Okay, those are all bad choices. Others were more reasonable. One of David’s better choices for a wife was a widow named Abigail whose beauty and wisdom appealed to him. Boaz married Ruth for similar reasons after she effectively proposed to him.

The Case of Abraham

Arranged marriages are still a feature of some cultures. While the practice was not the norm in scripture, the historical books of the Bible do give evidence that godly (and ungodly) parents made the occasional marriage for their children without considering romance or physical attraction. Judah took a wife for his son Er. There is no indication Er was consulted. Daughters were more likely than sons to be packaged off without the formality of consent, but marriage also provided young women with the security and protection they needed in order to leave their father’s house safely.

Probably the most famous arranged marriage in scripture is Abraham sending his servant to take a wife for his son Isaac from among his relatives in Mesopotamia rather than from among the Canaanites where he lived. Rebekah was literally an answer to the servant’s prayer, so we know God was involved to some degree in the choice. However, Rebekah was not forced into a marriage she didn’t want. She was offered a veto and declined to use it. (She was also was not an unmitigated blessing in Isaac’s life. Like her famous son, she was a manipulator who did not always follow her husband’s wishes. I consider Rebekah’s side of that story here.)

Levirate Marriage

Levirate marriage was another sort of “arranged marriage”. This was apparently common practice among Abraham’s descendants and other nations of the day. After the death of his eldest son Er, Judah instructed Er’s brother Onan take his widow as a wife in order to raise up offspring for his brother. This did not suit Onan. Even so, he did not refuse outright, but tried to circumvent his father’s purpose in the bedroom. Tradition is a powerful thing. Later, levirate marriage ended up encoded in the Law of Moses with the intended purpose of preserving a dead relative’s name and inheritance rights in Israel.

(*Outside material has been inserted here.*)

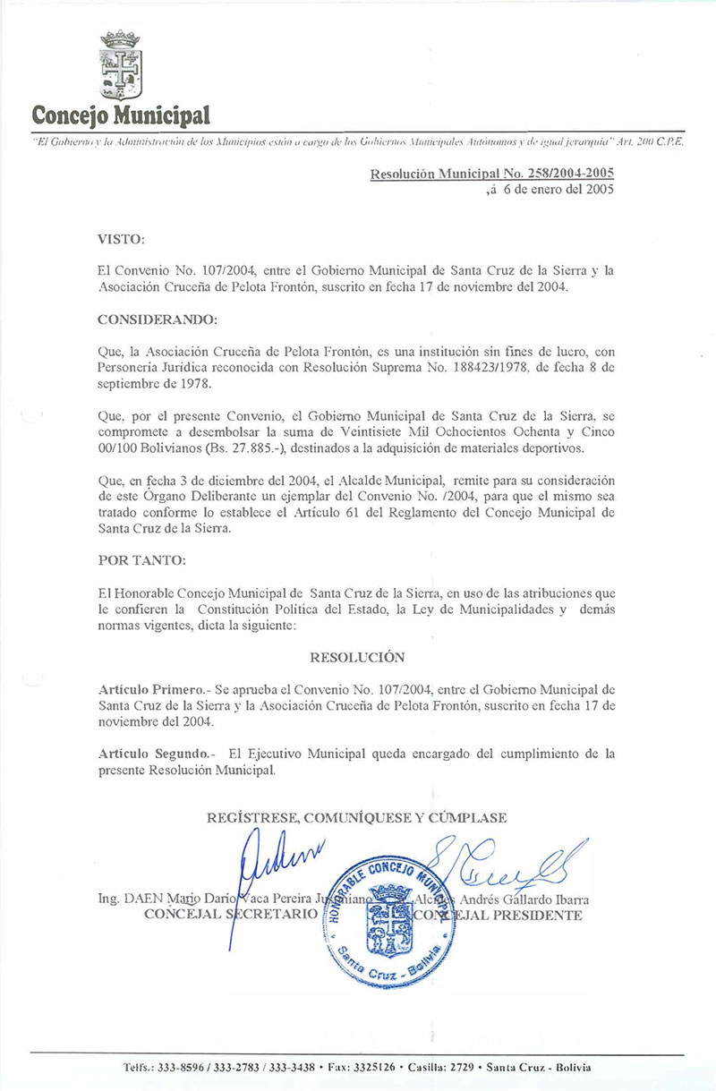 Aprueba el Convenio N° 107/2004, suscrito entre el Gobierno Municipal y la Asociación Cruceña de Pelota de Frontón, en la cual se destinan recursos económicos para la adquisición de material deportivo.

Still, even levirate marriage was optional. Getting out of it was originally considered shameful, but it could be legally accomplished. By the time Boaz married Ruth, the process for extracting oneself from such an arrangement seems to have had minimal stigma attached to it.

Marriages of State

Royal marriages were also made for reasons that had little to do with the desires of the participants. Saul’s daughter Michal loved David, but he at first declined to become the king’s son-in-law, then later reconsidered when Saul made it a challenge. The king’s real aim was to have David killed in the process of meeting the bride-price, and that marriage too was ill-fated. David would later marry the daughter of the king of Geshur, which was probably more a matter of forging an alliance than love. Again, this ended badly. Maacah bore Absalom to David, and we all know what trouble he caused.

Other marriages of state were even more notorious. Ahab’s marriage to the Sidonian Jezebel is remarkable for the damage she did to his nation. Her daughter Athaliah was arguably worse. She married the king of Judah, usurped the throne after his death, and came closer to ending the Messianic line than anyone else in Israel’s history. None of these marriages were likely made for what we would consider the ordinary reasons.


So then, does the Bible promote arranged marriages? Neither by precept nor example. There are no commands to parents to organize their children’s marriages, and no commands to children to comply with their parents’ wishes in that regard. When Paul talks extensively about Christian marriage in 1 Corinthians 7, he views it as a choice to be made by the individuals involved, including women. The widow “is free to be married to whom she wishes, only in the Lord”. Moreover, the arranged marriages I have cited from the Bible’s historical books rarely turned out better than marriages made by the participants, and often turned out worse.

The only argument one might really make about the Bible promoting arranged marriages would derive from the commands in Deuteronomy about levirate marriage. But no such obligation exists for the Christian today. The Law of Moses is not binding on believers. Moreover, the pragmatic reasons for levirate marriage do not exist in today’s society. Women may obtain safe employment as readily as men, the welfare state protects those who can’t or won’t work, and the property issues levirate marriage was intended to protect are not part of Western culture.

Godly parents may have good advice to give to their children, but choosing their spouses for them is generally a step too far.